Thanksgiving is a very special holiday. It is a day to give thanks to God for everything we have, but it seems to be slipping through the cracks. Meaning very few actually value this day as a religious holiday. It’s a day for turkey, dressing and fancy eating….and even more shopping.
I actually think many look forward to the day after Thanksgiving, known as Black Friday, more than the actual day of Thanksgiving. These days, stores open on the holiday to offer even more savings.
I remember when I was a little girl Thanksgiving was just that: a day to give thanks. My mom cooked for two days, and we’d eat on Thanksgiving and then chill for the rest of the weekend. I don’t remember my mom going shopping the next day or anything.
I definitely don’t remember anyone shopping on Thanksgiving Day. That’s because nothing, and I mean not even the local convenience store, was open. Nothing was open on Thanksgiving, Easter, Christmas, or even on Sundays. Well, some things were open on Sundays, but not many things were.
This day used to be a day to be with family and to celebrate with them. Today, it’s just more operating days. Today, the only day our society has is Christmas Day, but that seems to be slipping away as well.
So all of this leaves me to ask the question, “where are all the holidays…or holy days?’ Sadly the answer to this question is they don’t exist anymore. Our world has turned these holidays into nothing, and that is sad. We have undermined every religious holiday we have including Thanksgiving. We don’t give thanks anymore.
It seems our society has forgotten about the concept of thankfulness.
Many of you out there are thinking “what do I have to be thankful for because I lost my job and can’t find another one?” The answer is a lot. We all should be thankful for every day that the Lord makes for us even if those days are filled with challenges like fighting illness, finding a job or simply feeding your family.
But, while Thanksgiving is in November, we should start each day with Thanksgiving in our hearts no matter the day on the calendar.
I’ll never forget my grandmother’s last Thanksgiving. We had turkey, dressing, and all the trimmings and it happened in March 2006.
It was a celebration of her 86th birthday. She said she wanted Thanksgiving for her birthday because the Lord had let her live 86 years. Her years were not easy. They were filled with hurt, pain, joy, tears, sorrow, sadness and love. But, she had them and she was thankful… in March.
The celebration was grand.

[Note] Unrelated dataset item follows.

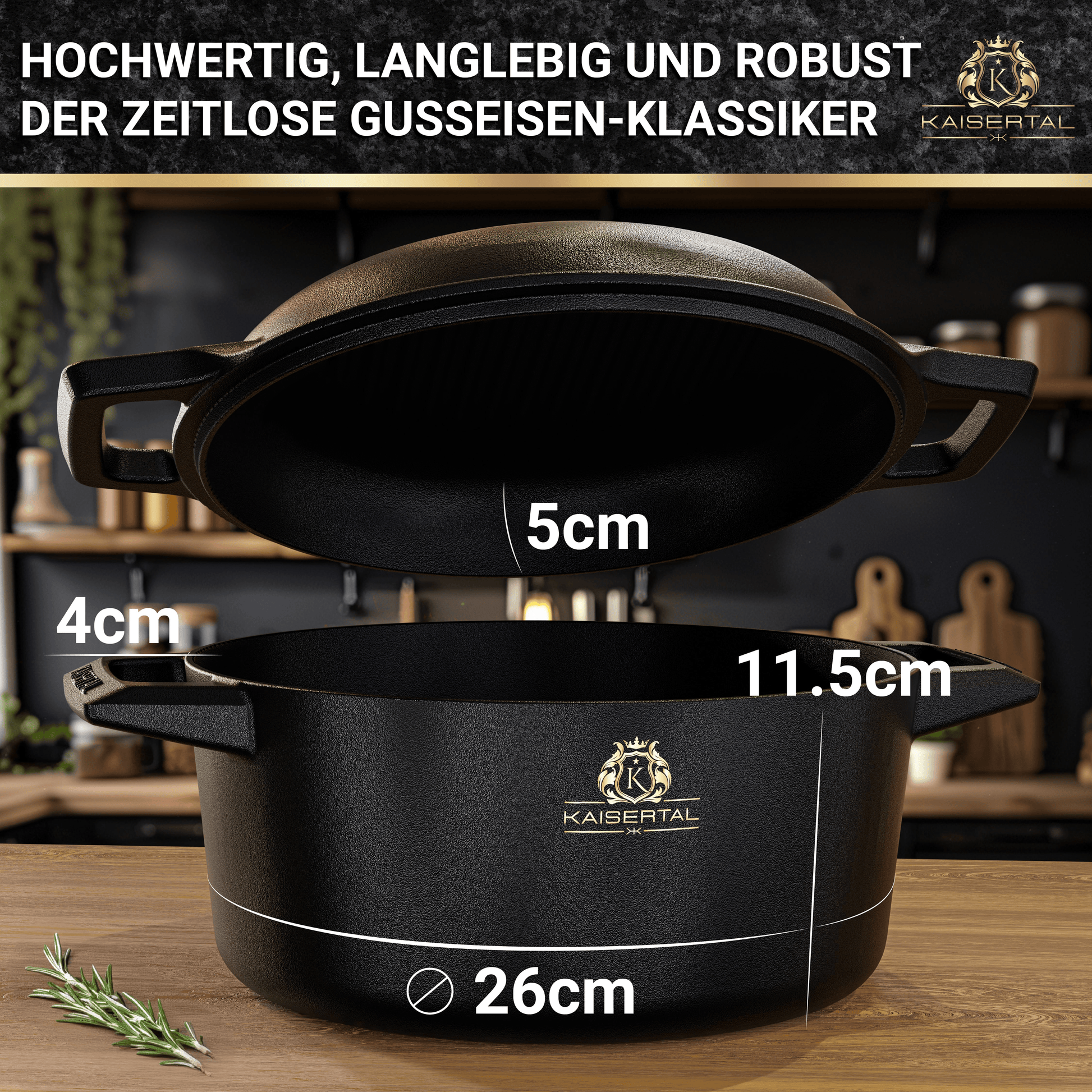 KAISERTAL Gusseisen Topf - 2-in-1 Schmortopf 26 cm mit Deckel (6,4L) - Emailliert/Eingebrannt

Every family member was there, which was great because less than a month later our family gathered again. This time she would not be there. Instead of the joyous occasion like before, we had gathered to say our last goodbyes.
As I look back I can see my grandmother taught me more about life than anyone else, and she was always thankful regardless of the time of year and no matter how little she had.
So as you gather around your turkey next week, be thankful. And when you are shopping for your Christmas gifts, be thankful. When you ring in the new year, be thankful and carry that thankfulness throughout every day of the year because God has given us so much. Thanksgiving should be in our hearts 365 days per year.
It is my deepest hope that everyone has a very special holiday with your families this Thanksgiving. My column will not run on November 26 to give more room for our special feature, “How to cook a turkey.”